*Provided information*
____________
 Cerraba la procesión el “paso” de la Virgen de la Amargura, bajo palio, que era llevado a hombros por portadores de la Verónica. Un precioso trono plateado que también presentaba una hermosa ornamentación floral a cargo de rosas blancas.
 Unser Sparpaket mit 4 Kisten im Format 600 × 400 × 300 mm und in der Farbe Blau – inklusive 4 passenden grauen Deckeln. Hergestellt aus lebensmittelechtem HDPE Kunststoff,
____________
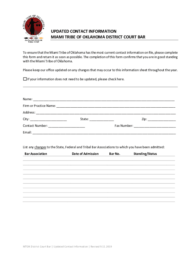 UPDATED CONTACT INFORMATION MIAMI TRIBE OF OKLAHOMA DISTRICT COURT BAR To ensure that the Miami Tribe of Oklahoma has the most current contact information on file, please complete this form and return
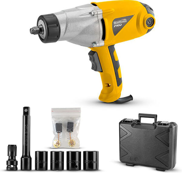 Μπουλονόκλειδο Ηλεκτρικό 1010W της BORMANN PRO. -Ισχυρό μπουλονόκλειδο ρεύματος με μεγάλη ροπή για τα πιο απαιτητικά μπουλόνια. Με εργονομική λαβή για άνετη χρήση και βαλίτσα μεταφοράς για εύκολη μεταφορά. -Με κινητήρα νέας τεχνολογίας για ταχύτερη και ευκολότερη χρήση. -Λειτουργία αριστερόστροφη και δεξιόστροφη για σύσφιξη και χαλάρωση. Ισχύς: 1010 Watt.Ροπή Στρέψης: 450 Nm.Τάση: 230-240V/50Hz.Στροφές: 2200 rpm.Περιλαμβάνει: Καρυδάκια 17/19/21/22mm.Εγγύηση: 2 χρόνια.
____________
Above are records; repeat only the lines starting at the line with "Cerraba la procesión" and ending at the line with "Unser Sparpaket mit", exactly as they appear, both included.

 Cerraba la procesión el “paso” de la Virgen de la Amargura, bajo palio, que era llevado a hombros por portadores de la Verónica. Un precioso trono plateado que también presentaba una hermosa ornamentación floral a cargo de rosas blancas.
 Unser Sparpaket mit 4 Kisten im Format 600 × 400 × 300 mm und in der Farbe Blau – inklusive 4 passenden grauen Deckeln. Hergestellt aus lebensmittelechtem HDPE Kunststoff,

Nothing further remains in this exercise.